### What this task involves
Write out each entry again. Keep every word exactly as it is.

### Records for this exercise
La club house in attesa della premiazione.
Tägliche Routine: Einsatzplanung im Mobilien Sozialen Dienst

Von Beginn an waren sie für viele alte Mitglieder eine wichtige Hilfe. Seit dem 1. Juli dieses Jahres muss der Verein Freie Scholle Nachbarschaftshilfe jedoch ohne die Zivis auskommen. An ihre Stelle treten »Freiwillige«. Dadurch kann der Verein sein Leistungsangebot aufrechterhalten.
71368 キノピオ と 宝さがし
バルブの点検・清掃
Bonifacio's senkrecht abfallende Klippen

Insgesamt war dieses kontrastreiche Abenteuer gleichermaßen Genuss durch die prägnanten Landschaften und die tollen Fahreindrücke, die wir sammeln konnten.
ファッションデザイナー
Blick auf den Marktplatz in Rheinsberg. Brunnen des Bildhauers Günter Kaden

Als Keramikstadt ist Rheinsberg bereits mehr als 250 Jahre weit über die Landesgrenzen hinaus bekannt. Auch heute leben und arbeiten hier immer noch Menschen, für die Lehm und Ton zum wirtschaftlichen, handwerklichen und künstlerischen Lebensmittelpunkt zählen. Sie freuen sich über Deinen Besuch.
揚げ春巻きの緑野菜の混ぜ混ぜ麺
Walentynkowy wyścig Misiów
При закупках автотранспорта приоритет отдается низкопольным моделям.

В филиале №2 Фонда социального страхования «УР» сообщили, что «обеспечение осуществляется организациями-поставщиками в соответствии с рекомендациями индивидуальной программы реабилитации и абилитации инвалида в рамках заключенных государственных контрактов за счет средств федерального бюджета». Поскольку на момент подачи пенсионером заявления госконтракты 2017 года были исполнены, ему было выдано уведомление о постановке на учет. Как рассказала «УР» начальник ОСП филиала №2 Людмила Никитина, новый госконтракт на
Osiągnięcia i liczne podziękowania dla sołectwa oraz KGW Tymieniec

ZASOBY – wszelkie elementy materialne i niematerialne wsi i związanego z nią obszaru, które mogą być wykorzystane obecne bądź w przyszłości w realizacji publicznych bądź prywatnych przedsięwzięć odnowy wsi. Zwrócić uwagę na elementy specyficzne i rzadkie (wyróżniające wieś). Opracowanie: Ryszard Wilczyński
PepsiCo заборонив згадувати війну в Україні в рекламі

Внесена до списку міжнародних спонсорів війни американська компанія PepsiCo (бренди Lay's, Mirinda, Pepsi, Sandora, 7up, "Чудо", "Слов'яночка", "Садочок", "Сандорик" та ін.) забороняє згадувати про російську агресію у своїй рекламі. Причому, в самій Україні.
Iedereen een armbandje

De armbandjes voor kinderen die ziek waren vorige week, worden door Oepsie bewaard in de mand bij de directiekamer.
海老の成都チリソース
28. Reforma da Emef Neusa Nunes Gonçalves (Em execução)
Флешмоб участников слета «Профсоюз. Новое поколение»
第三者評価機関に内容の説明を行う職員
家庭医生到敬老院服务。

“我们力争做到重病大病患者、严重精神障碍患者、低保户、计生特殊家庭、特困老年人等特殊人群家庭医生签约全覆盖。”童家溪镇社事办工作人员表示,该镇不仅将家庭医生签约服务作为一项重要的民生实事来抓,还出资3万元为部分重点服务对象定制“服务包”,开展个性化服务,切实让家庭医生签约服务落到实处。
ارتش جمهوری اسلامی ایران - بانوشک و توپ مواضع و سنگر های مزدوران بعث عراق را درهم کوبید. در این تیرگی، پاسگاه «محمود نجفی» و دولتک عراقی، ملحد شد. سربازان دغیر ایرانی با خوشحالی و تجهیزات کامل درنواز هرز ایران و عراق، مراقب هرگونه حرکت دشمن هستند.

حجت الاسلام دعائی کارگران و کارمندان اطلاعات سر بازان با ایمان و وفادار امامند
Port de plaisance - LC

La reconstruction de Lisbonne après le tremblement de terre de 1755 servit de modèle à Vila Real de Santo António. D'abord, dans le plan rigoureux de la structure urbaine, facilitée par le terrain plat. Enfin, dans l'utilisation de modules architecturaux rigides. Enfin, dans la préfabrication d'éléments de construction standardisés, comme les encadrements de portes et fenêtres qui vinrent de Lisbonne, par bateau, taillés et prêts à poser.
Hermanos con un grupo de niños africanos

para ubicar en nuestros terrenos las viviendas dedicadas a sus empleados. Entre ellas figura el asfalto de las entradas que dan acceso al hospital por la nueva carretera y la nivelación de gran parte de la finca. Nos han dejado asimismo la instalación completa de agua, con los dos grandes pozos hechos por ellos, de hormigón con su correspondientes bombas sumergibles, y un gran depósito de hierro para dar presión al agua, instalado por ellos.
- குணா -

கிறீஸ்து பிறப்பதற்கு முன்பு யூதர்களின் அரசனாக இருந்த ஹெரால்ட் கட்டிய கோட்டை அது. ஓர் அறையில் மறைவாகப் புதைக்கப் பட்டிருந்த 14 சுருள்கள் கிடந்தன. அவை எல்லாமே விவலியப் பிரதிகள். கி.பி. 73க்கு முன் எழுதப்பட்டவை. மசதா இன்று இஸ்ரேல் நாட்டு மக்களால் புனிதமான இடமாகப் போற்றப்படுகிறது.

### Task answer
La club house in attesa della premiazione.
Tägliche Routine: Einsatzplanung im Mobilien Sozialen Dienst

Von Beginn an waren sie für viele alte Mitglieder eine wichtige Hilfe. Seit dem 1. Juli dieses Jahres muss der Verein Freie Scholle Nachbarschaftshilfe jedoch ohne die Zivis auskommen. An ihre Stelle treten »Freiwillige«. Dadurch kann der Verein sein Leistungsangebot aufrechterhalten.
71368 キノピオ と 宝さがし
バルブの点検・清掃
Bonifacio's senkrecht abfallende Klippen

Insgesamt war dieses kontrastreiche Abenteuer gleichermaßen Genuss durch die prägnanten Landschaften und die tollen Fahreindrücke, die wir sammeln konnten.
ファッションデザイナー
Blick auf den Marktplatz in Rheinsberg. Brunnen des Bildhauers Günter Kaden

Als Keramikstadt ist Rheinsberg bereits mehr als 250 Jahre weit über die Landesgrenzen hinaus bekannt. Auch heute leben und arbeiten hier immer noch Menschen, für die Lehm und Ton zum wirtschaftlichen, handwerklichen und künstlerischen Lebensmittelpunkt zählen. Sie freuen sich über Deinen Besuch.
揚げ春巻きの緑野菜の混ぜ混ぜ麺
Walentynkowy wyścig Misiów
При закупках автотранспорта приоритет отдается низкопольным моделям.

В филиале №2 Фонда социального страхования «УР» сообщили, что «обеспечение осуществляется организациями-поставщиками в соответствии с рекомендациями индивидуальной программы реабилитации и абилитации инвалида в рамках заключенных государственных контрактов за счет средств федерального бюджета». Поскольку на момент подачи пенсионером заявления госконтракты 2017 года были исполнены, ему было выдано уведомление о постановке на учет. Как рассказала «УР» начальник ОСП филиала №2 Людмила Никитина, новый госконтракт на
Osiągnięcia i liczne podziękowania dla sołectwa oraz KGW Tymieniec

ZASOBY – wszelkie elementy materialne i niematerialne wsi i związanego z nią obszaru, które mogą być wykorzystane obecne bądź w przyszłości w realizacji publicznych bądź prywatnych przedsięwzięć odnowy wsi. Zwrócić uwagę na elementy specyficzne i rzadkie (wyróżniające wieś). Opracowanie: Ryszard Wilczyński
PepsiCo заборонив згадувати війну в Україні в рекламі

Внесена до списку міжнародних спонсорів війни американська компанія PepsiCo (бренди Lay's, Mirinda, Pepsi, Sandora, 7up, "Чудо", "Слов'яночка", "Садочок", "Сандорик" та ін.) забороняє згадувати про російську агресію у своїй рекламі. Причому, в самій Україні.
Iedereen een armbandje

De armbandjes voor kinderen die ziek waren vorige week, worden door Oepsie bewaard in de mand bij de directiekamer.
海老の成都チリソース
28. Reforma da Emef Neusa Nunes Gonçalves (Em execução)
Флешмоб участников слета «Профсоюз. Новое поколение»
第三者評価機関に内容の説明を行う職員
家庭医生到敬老院服务。

“我们力争做到重病大病患者、严重精神障碍患者、低保户、计生特殊家庭、特困老年人等特殊人群家庭医生签约全覆盖。”童家溪镇社事办工作人员表示,该镇不仅将家庭医生签约服务作为一项重要的民生实事来抓,还出资3万元为部分重点服务对象定制“服务包”,开展个性化服务,切实让家庭医生签约服务落到实处。
ارتش جمهوری اسلامی ایران - بانوشک و توپ مواضع و سنگر های مزدوران بعث عراق را درهم کوبید. در این تیرگی، پاسگاه «محمود نجفی» و دولتک عراقی، ملحد شد. سربازان دغیر ایرانی با خوشحالی و تجهیزات کامل درنواز هرز ایران و عراق، مراقب هرگونه حرکت دشمن هستند.

حجت الاسلام دعائی کارگران و کارمندان اطلاعات سر بازان با ایمان و وفادار امامند
Port de plaisance - LC

La reconstruction de Lisbonne après le tremblement de terre de 1755 servit de modèle à Vila Real de Santo António. D'abord, dans le plan rigoureux de la structure urbaine, facilitée par le terrain plat. Enfin, dans l'utilisation de modules architecturaux rigides. Enfin, dans la préfabrication d'éléments de construction standardisés, comme les encadrements de portes et fenêtres qui vinrent de Lisbonne, par bateau, taillés et prêts à poser.
Hermanos con un grupo de niños africanos

para ubicar en nuestros terrenos las viviendas dedicadas a sus empleados. Entre ellas figura el asfalto de las entradas que dan acceso al hospital por la nueva carretera y la nivelación de gran parte de la finca. Nos han dejado asimismo la instalación completa de agua, con los dos grandes pozos hechos por ellos, de hormigón con su correspondientes bombas sumergibles, y un gran depósito de hierro para dar presión al agua, instalado por ellos.
- குணா -

கிறீஸ்து பிறப்பதற்கு முன்பு யூதர்களின் அரசனாக இருந்த ஹெரால்ட் கட்டிய கோட்டை அது. ஓர் அறையில் மறைவாகப் புதைக்கப் பட்டிருந்த 14 சுருள்கள் கிடந்தன. அவை எல்லாமே விவலியப் பிரதிகள். கி.பி. 73க்கு முன் எழுதப்பட்டவை. மசதா இன்று இஸ்ரேல் நாட்டு மக்களால் புனிதமான இடமாகப் போற்றப்படுகிறது.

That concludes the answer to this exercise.